Raymond was probably the closest England had to a Hugh Hefner, but while Hefner promoted the image of a sophisticated man-about-town with taste, all swank bachelor pads, jazz, cocktails, and Amazonian fantasy women the likes of which you never saw in England, Raymond was more like a louche spiv with his fake tan, blow-dried hair and gold Rolls-Royce — not to mention magnificently tacky fur coats — and his magazines were far more low-rent and well, English, in their presentation. With it’s cut-price production values and Reader’s Wives, Raymond’s world of glamour was more bedsit and suburban living room than uptown penthouse, with the women generally looking like some tarty dolly bird who worked in a pub or the blushing missus of some lorry driver, a parade of cheesy grins, mottled skin and bad lighting.

But in the days before FHM and Maxim it was Raymond’s magazines that your English schoolboy looked to on the top shelf of his local newsagent’s, desperately trying to summon up the nerve to buy a copy, if only that old woman buying a copy of Woman’s Own would get a move on the coast would be clear and you could take that Mayfair or Razzle up to the counter, hoping the bloke behind the counter doesn’t ask you how old you are. Or you could always try and steal it…

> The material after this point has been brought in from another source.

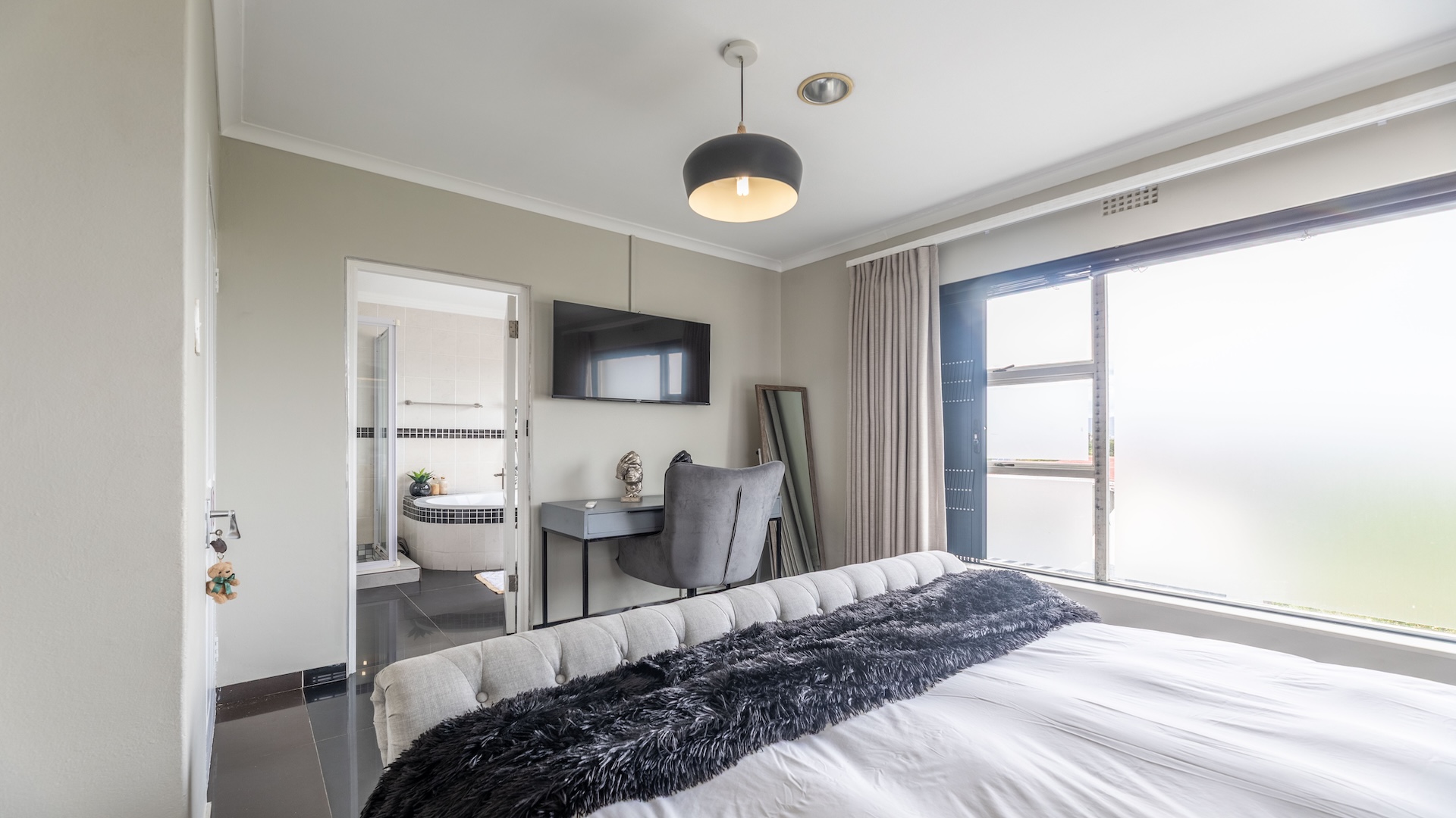 The main bedroom is a standout feature, offering privacy, space, and scenic views creating a peaceful retreat within your own home.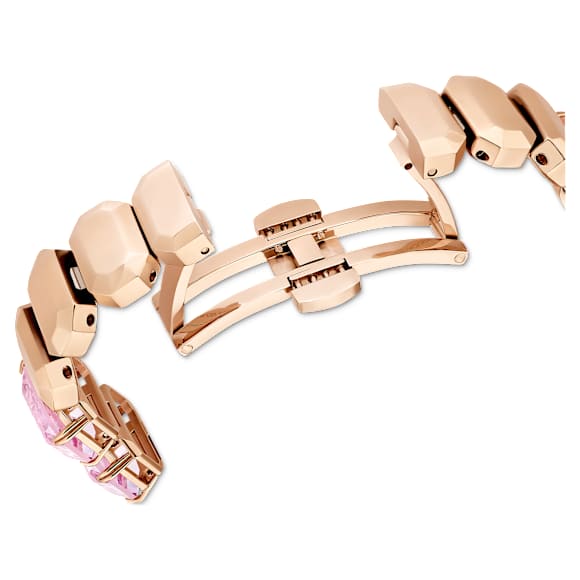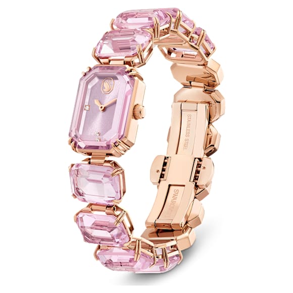 Inspired by the Millenia family, this eye-catching bracelet offers color pop appeal. Expertly crafted from a row of octagon-cut crystals in a vibrant pink hue, it features a sapphire glass centerpiece and a rose gold-tone finish. It is water resistant to 50m. A playful choice for solo styling or layering.

Download: Razzle In My Pocket – Ian Dury & The Blockheads (mp3)

Goodtime George

One of the Greatest Living Englishmen is sadly living no more: George Melly died last week. Jazz singer, author, critic, art expert and, above all, larger than life character of the sort they just don’t make any more. I only saw him live the once at one of his traditional Ronnie Scott’s Xmas shows and he was wonderful.

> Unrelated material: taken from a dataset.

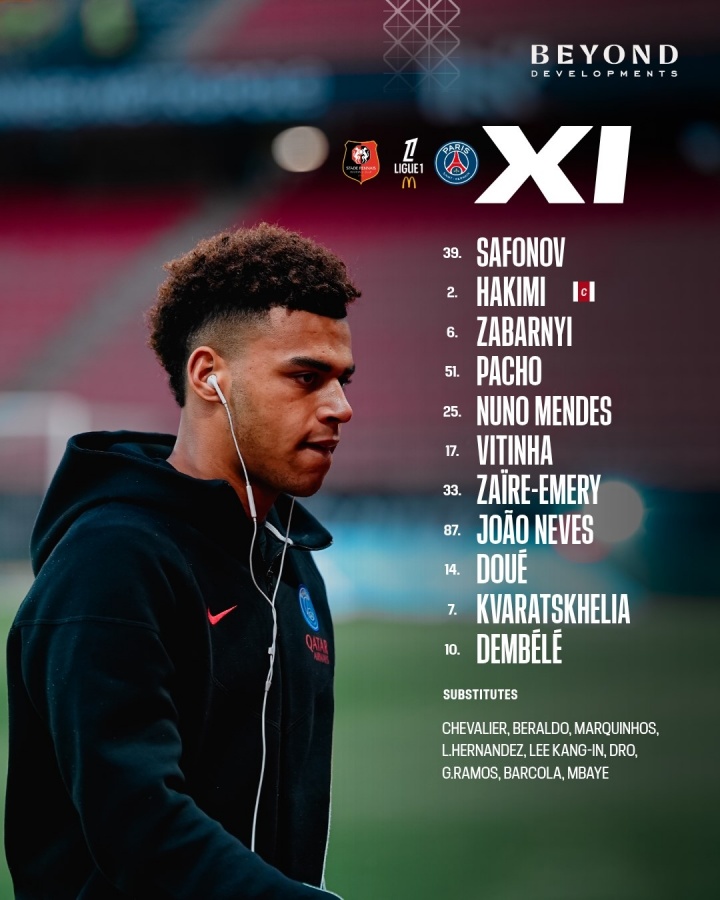 首发球员包括:39号门将萨福诺夫,后卫阿什拉夫、扎巴尔尼、帕乔和努诺·门德斯,中场由维蒂尼亚、扎伊尔·埃梅里和若昂·内维斯组成,前锋阵容则由杜埃、克瓦拉茨赫利亚和登贝莱共同负责。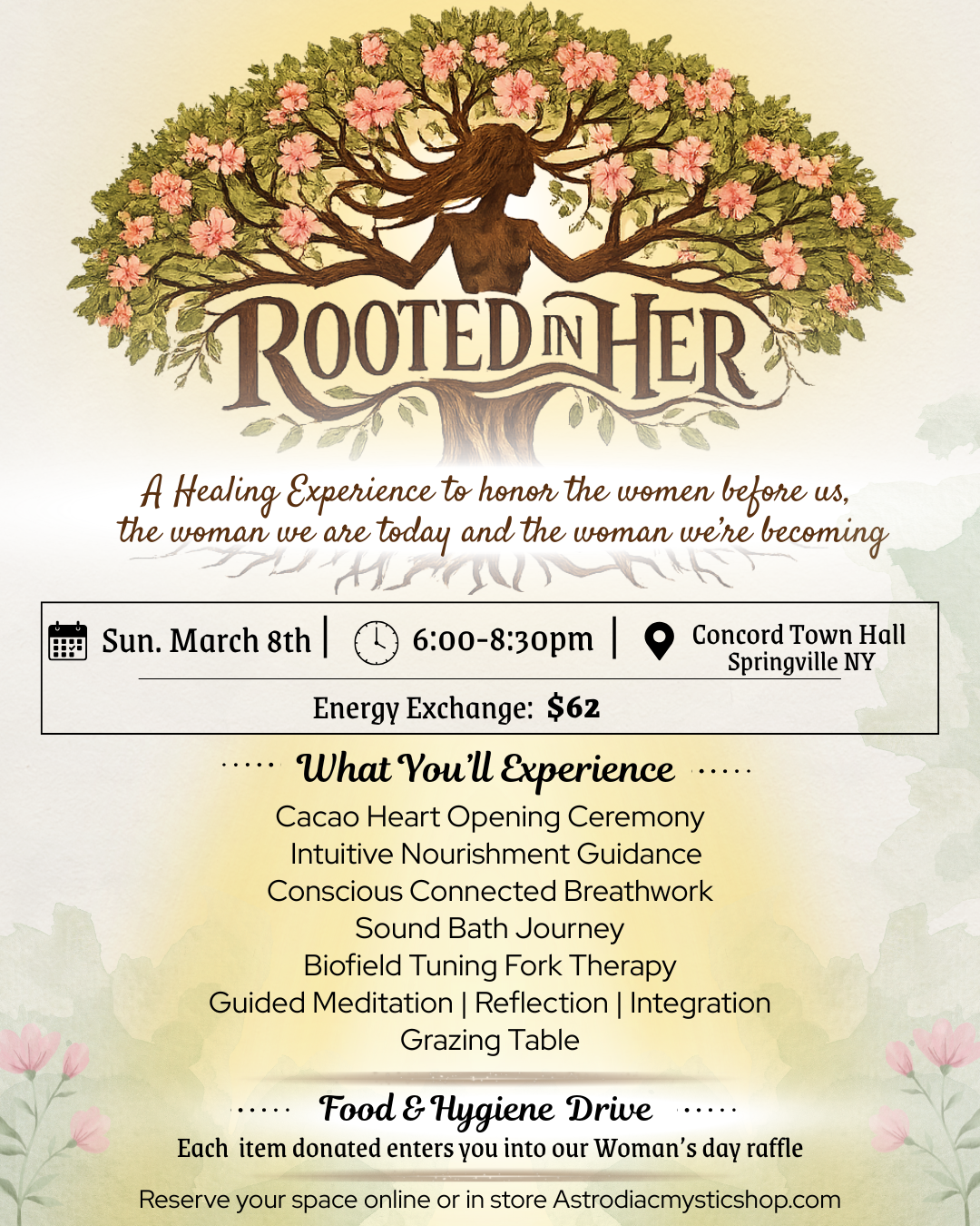 This experience is centered around Women’s Day and honoring feminine lineage and embodiment. All who resonate with this intention are welcome.

“Old Codger” is a bawdy number he recorded with The Stranglers that came on a free EP included with their 1978 “Black and White” album. It may seem an odd pairing but George was a punk long before there was such a thing as “punk” — and he was a smutty old bugger too.

Download: Old Codger – George Melly & The Stranglers (mp3)
Read: “Owning Up” (book)
Read (if you can find a copy): “Revolt Into Style” (book)

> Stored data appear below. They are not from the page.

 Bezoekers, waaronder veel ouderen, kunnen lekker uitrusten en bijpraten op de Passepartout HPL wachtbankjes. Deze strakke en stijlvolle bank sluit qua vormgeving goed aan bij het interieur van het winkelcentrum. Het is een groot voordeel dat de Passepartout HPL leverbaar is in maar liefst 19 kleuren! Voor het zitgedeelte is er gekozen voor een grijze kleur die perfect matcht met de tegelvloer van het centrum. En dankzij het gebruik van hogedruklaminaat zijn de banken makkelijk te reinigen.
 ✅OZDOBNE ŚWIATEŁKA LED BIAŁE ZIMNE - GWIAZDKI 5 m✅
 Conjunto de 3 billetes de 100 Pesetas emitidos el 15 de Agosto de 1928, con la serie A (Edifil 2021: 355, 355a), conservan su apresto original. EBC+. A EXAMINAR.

No one likes us and we don’t care

The Stranglers were probably the least respected band to come out of punk. Not just because they had a drummer in his 40s and a bass player with a silly martial arts fetish, but their songs were laced with sexism and violent misogyny (“Sometimes I’m gonna smack your face” was the opening line of their debut album) which didn’t quite fit in with the revolutionary, empowering spirit of punk. They probably thought they were being provocative when they just came across like dirty old men. Still, I liked them quite a bit (though the friends I had who really liked them were also into Heavy Metal – ’nuff said), listening to their early records gave you the same kick you got from “Derek and Clive (Live)” or the sick jokes that used to go around school the minute someone famous died (“What was Marc Bolan’s last hit?” “A tree”) — they were nasty bastards but made some great records, and at that age you thought dirty words were funny.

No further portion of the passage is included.